Abbott baby milk powder pulled from shelves in Hong Kong
Powder inside tins of Similac Stage 2 found to contain 66 per cent less niacin than claimed on the label
A batch of baby milk powder was pulled from Hong Kong shelves on Friday, after the city’s food safety authorities found 66 per cent less niacin in it than stated on the label.
The formula, made by Abbott, had only been sold in Hong Kong.
The affected product is Similac Stage 2 in 400g tins, made in Ireland and best before March 11 next year. The formula is for babies aged between six months and one year.

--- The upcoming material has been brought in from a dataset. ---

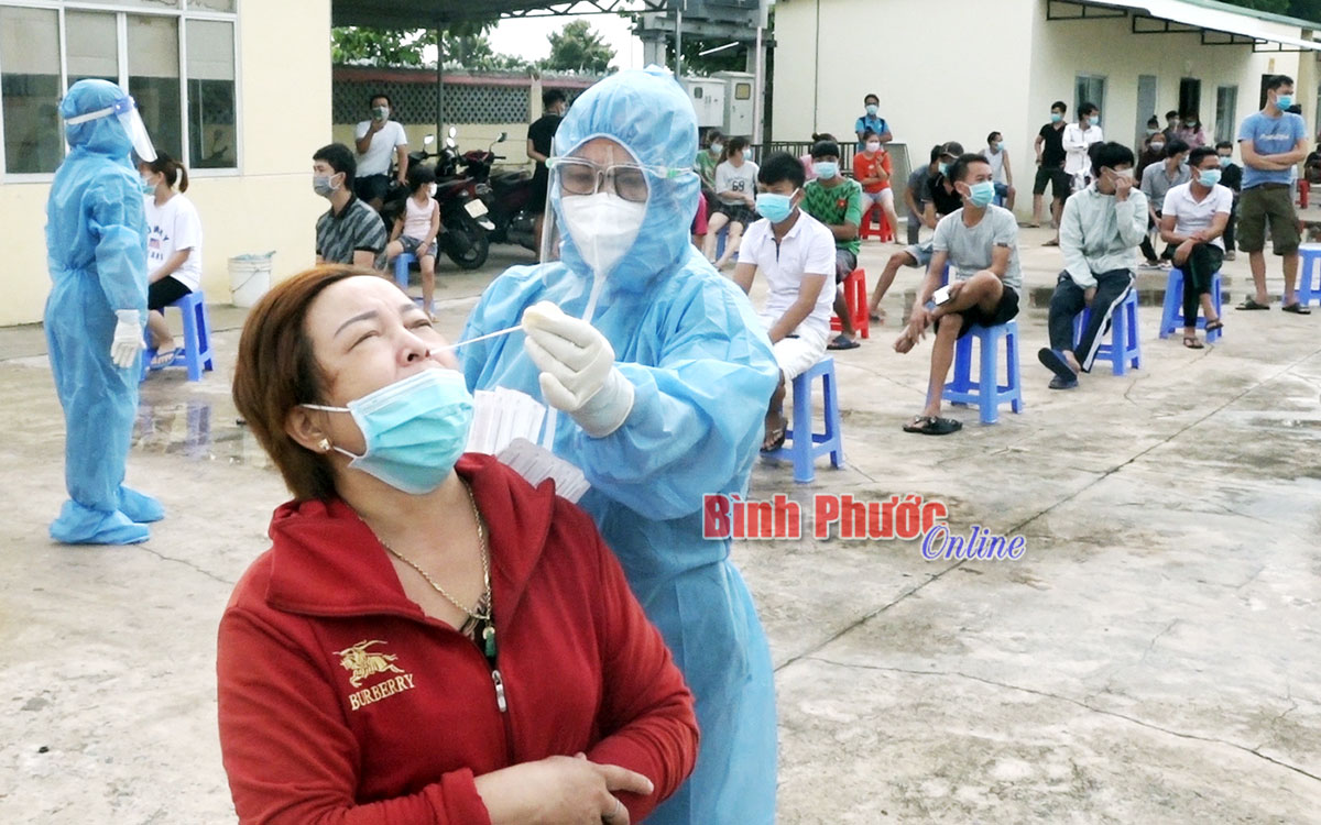 Nhân viên y tế lấy mẫu xét nghiệm đối với công nhân Công ty TNHH MTV Rui Feng, Khu công nghiệp Chơn Thành 1

The Centre for Food Safety announced that a sample of the product had been found to contain 1.3 milligrams of niacin per 100g, 66 per cent less than the 3.8mg/100g declared on its nutrition label.

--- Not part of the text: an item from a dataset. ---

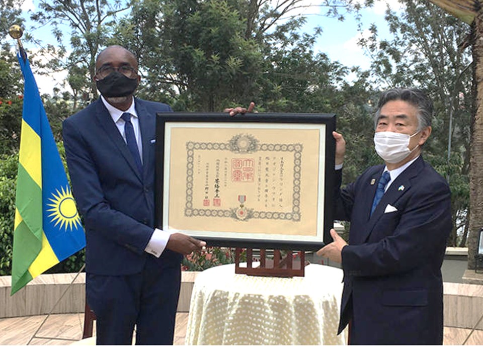 今井雅啓在ルワンダ日本国特命全権大使は、ルワンダで空手の普及に貢献した経験豊かなテオジーン・ウワヨ氏に旭日双光章を手渡しました。

Niacin is one of the essential nutrients for all humans.
“The [centre] has informed the vendor concerned ... and the vendor has stopped sale and removed from shelves the affected batch of the product,” a centre spokesman said. “The [centre] is tracing the distribution of the affected product.”

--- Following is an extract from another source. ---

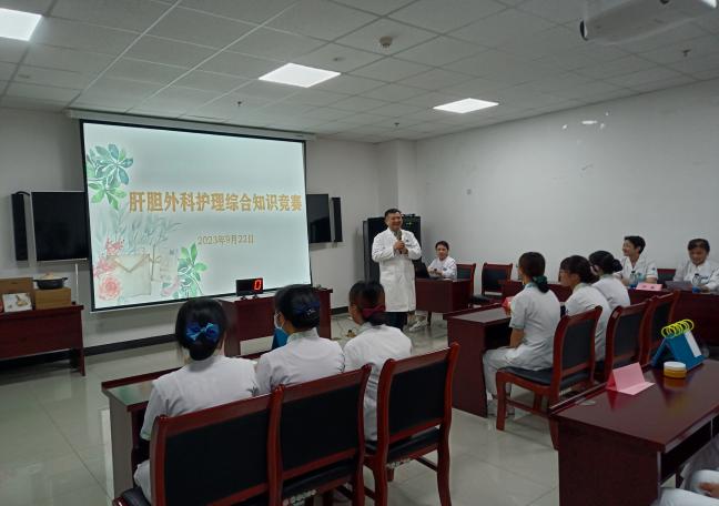 为了营造积极的学习氛围,提高大家的知识储备和业务能力,更好的为临床工作服务,肝胆外科五病区于9月22日中午,特举办“以赛促学强基础,以学促用砺精兵”护理综合知识竞赛,参与此次竞赛的嘉宾有:肝胆外科仵正主任,肝胆五病区沙焕臣主任,东院护理部刘颖主任,肝胆外科总护士长杨勤玲护士长,仲裁组由刘颖主任、杨勤玲护士长担任,记分员由董芳芳护士长担任。

A spokeswoman for United States-based Abbott confirmed it had decided to remove the “single batch” from shelves. She said the batch was only sold in Hong Kong.
“We stand by the quality and safety of our products and parents can continue to use our products with full confidence,” she said. “No other Abbott products, other than this single batch listed here which was sold only in Hong Kong, are affected.”
Neither the centre nor Abbott commented on how many tins, or how many Hong Kong distributors, were affected.
Under the Public Health and Municipal Services Ordinance, anyone who falsely describes food, or misleads people as to its quality or ingredients, is guilty of an offence and can face a maximum fine of HK$50,000 and six months in jail.